▸ **Exercise aim**
The data below is to be transcribed word for word; pictures are to be excluded.

(Dataset excerpt begins)

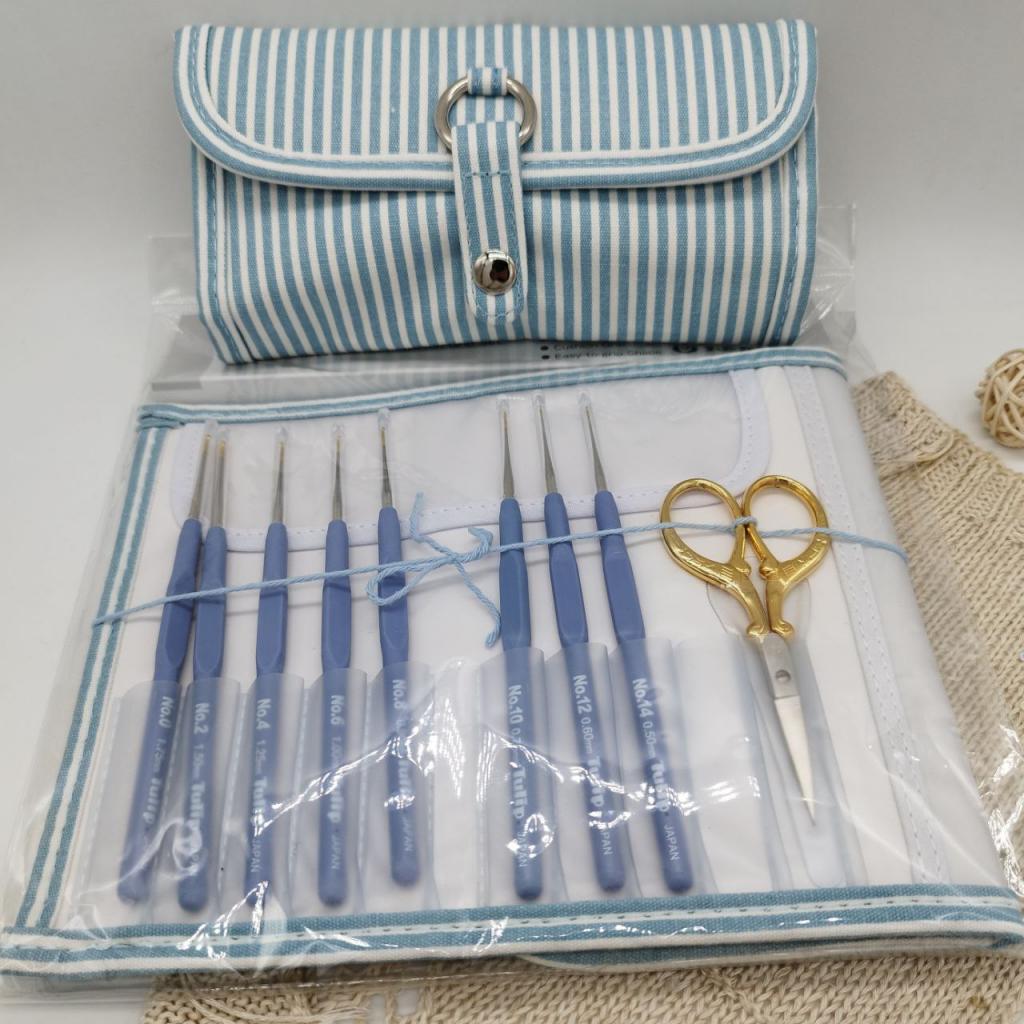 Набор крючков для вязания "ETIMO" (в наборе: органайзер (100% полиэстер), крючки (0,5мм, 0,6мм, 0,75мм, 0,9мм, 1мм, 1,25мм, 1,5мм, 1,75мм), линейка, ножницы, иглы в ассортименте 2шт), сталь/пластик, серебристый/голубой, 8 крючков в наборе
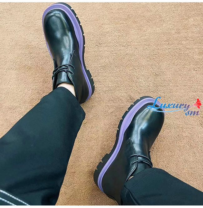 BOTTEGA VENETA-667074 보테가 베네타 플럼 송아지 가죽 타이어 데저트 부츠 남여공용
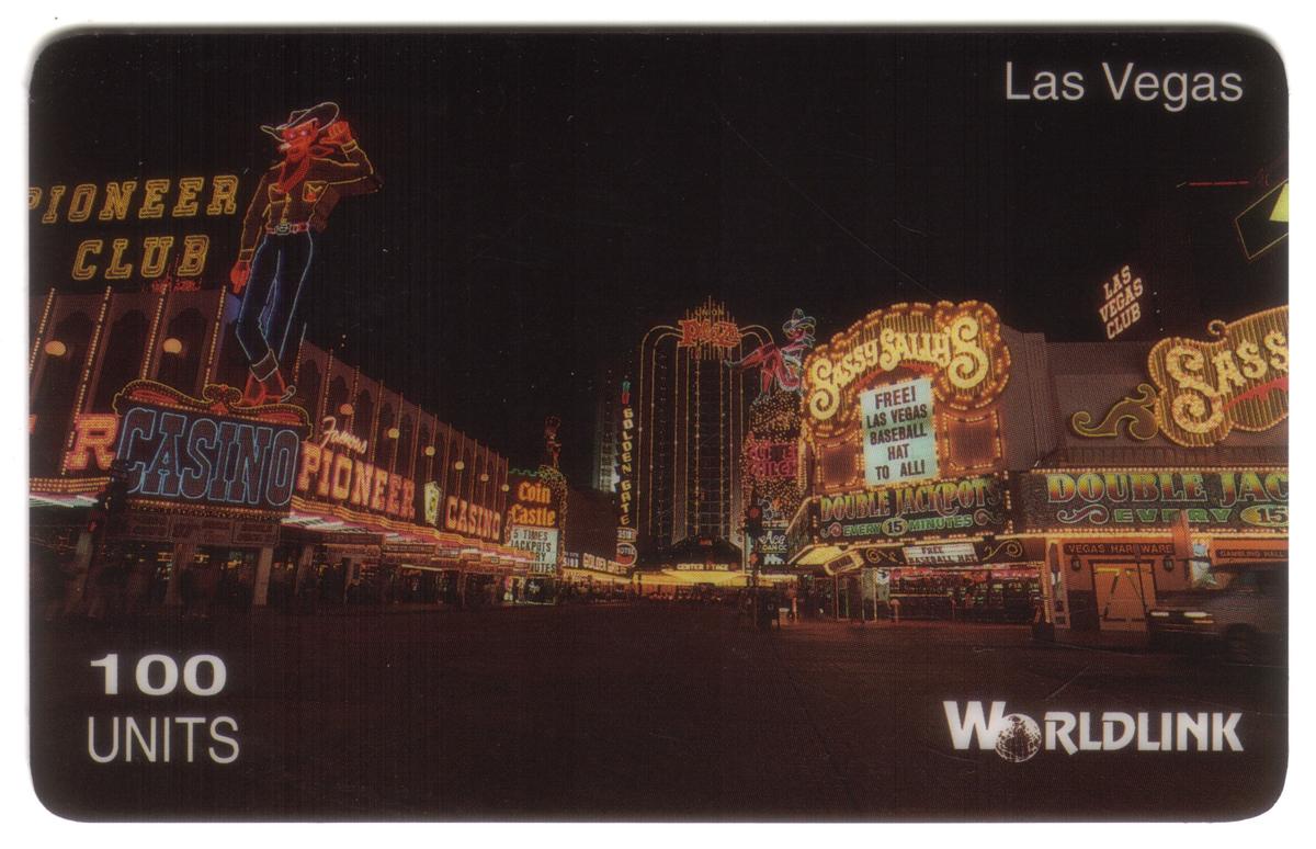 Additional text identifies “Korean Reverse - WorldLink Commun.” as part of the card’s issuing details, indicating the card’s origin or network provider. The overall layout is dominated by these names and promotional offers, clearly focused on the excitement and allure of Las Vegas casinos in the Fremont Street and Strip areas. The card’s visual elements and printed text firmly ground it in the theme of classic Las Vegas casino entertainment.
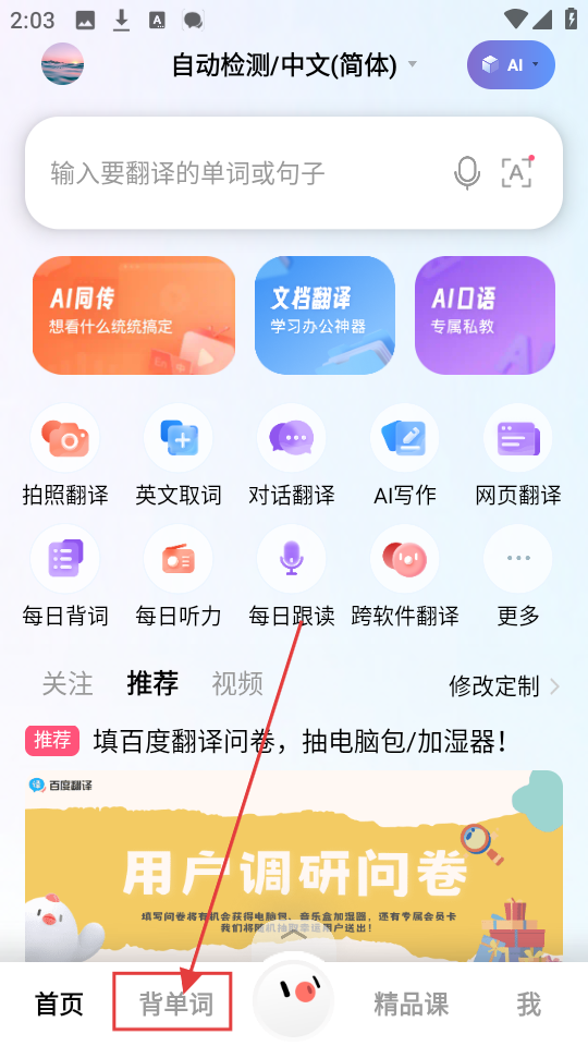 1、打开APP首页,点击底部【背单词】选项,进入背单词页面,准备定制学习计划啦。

(Dataset excerpt ends)

▸ **Solution to this task**
 Набор крючков для вязания "ETIMO" (в наборе: органайзер (100% полиэстер), крючки (0,5мм, 0,6мм, 0,75мм, 0,9мм, 1мм, 1,25мм, 1,5мм, 1,75мм), линейка, ножницы, иглы в ассортименте 2шт), сталь/пластик, серебристый/голубой, 8 крючков в наборе
 BOTTEGA VENETA-667074 보테가 베네타 플럼 송아지 가죽 타이어 데저트 부츠 남여공용
 Additional text identifies “Korean Reverse - WorldLink Commun.” as part of the card’s issuing details, indicating the card’s origin or network provider. The overall layout is dominated by these names and promotional offers, clearly focused on the excitement and allure of Las Vegas casinos in the Fremont Street and Strip areas. The card’s visual elements and printed text firmly ground it in the theme of classic Las Vegas casino entertainment.
 1、打开APP首页,点击底部【背单词】选项,进入背单词页面,准备定制学习计划啦。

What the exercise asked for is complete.